Bisnis.com, JAKARTA – Ketua Umum Jaringan Nasional Anti Perdagangan Orang, Rahayu Saraswati Djojohadikusumo mengungkapkan masih minimnya pemberdayaan perempuan dan maraknya tindak pidana perdagangan orang. Sara mengatakan hal ini dipengaruhi berbagai faktor seperti sosial dan ekonomi.
Pernyataan itu dia sampaikan saat menjadi panelis di acara “Women in Sustainable Development (SDGs) Action Award 2025” yang diselenggarakan Bisnis Indonesia Group, Selasa (11/11/2025).
“Pemberdayaan perempuan terutama, itu kita gak bicara cuma dari segi sosial. Tapi justru dari segi ekonomi,” ujarnya.
Menurutnya, banyak perempuan yang mampu untuk berkembang di berbagai sektor, khususnya pendidikan dan pekerjaan. Namun terhambat yang salah satu faktornya adalah pola asuh atau parenting dari orang tua mereka.
Dia menceritakan bahwa perempuan dihadapkan dengan tuntutan pernikahan.
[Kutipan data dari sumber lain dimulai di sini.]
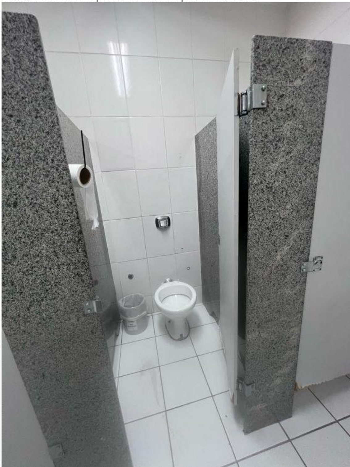
Figura 05: Cabine com sanitário da instalação sanitária coletiva feminina. As instalações sanitárias masculinas apresentam o mesmo padrão construtivo.

COORDENAÇÃO DE INFRAESTRUTURA E PROJETOS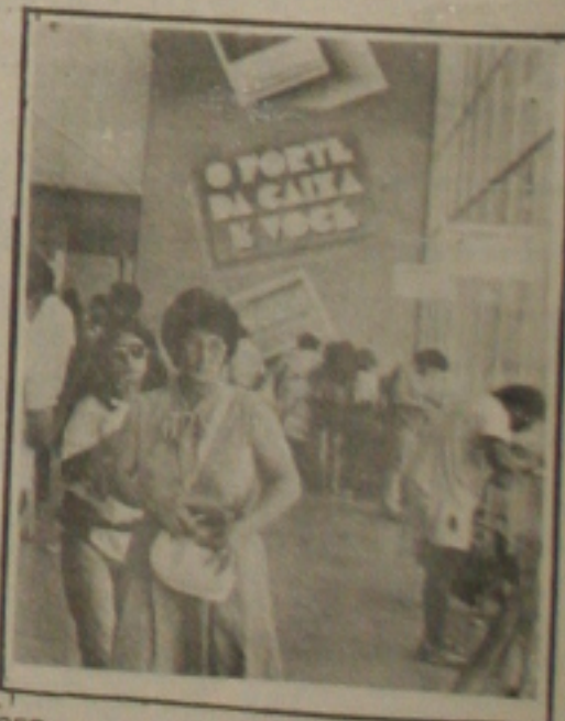
CEF: movimento fraco

Em virtude dos juros baixos, os propensos mútuos preferem investir seu dinheiro em outro negócio e espe-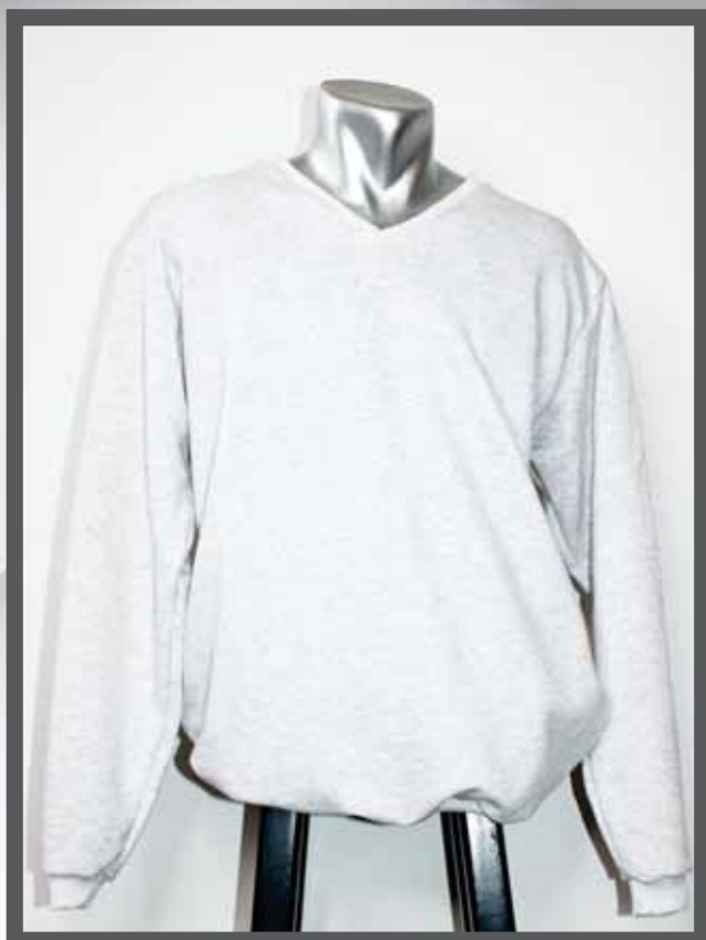
ŠIFRA PROIZVODA: 106 -03

Alhasil, katanya, perempuan menjadi terhambat untuk berkembang dan memengaruhi posisi mereka di dalam struktur sosial.
Rahayu pun mencontohkan ketika perempuan ingin mengambil jenjang pendidikan S2 atau S3, kerap mendapat pertentangan dari orang tua karena memengaruhi usia untuk menikah.
Dia menilai ada tiga faktor yang menghambat pemberdayaan perempuan, yakni sistem patriarki, budaya, dan ekonomi.
“Bagaimana secara ekonomi perempuan bisa berdaya. Terus secara budayanya. Itu tidak mendukung untuk perempuannya bisa mandiri,” tegasnya.
Selain pemberdayaan perempuan, Sara, sapaan akrabnya, turut menyoroti masih maraknya tindak pidana perdagangan orang (TPPO).
Dia menilai kegiatan kriminal itu dipengaruhi oleh faktor ekonomi, di mana banyak orang yang kesulitan ekonomi sehingga terpaksa melakukan hal tersebut.
“Kenapa kok ada banyak sekali di Indonesia itu rentan berhadapan [dengan tindak pidana] perdagangan orang? Karena masalah sosial ekonomi. Mereka mencari pekerjaan. Pekerjaan itu tidak ada di daerah mereka,” tutur Sara.
Dia menegaskan bahwa perempuan harus berkontribusi bagi perubahan. Jika perempuan mendapatkan akses di berbagai sektor maka kesetaraan akan terwujud.
“Jika perempuan diberikan akses kepada kesehatan, pendidikan, kesempatan ekonomi, justru bukan hanya perempuan itu saja yang terangkat, tapi juga seluruh komunitasnya terangkat,” pungkasnya.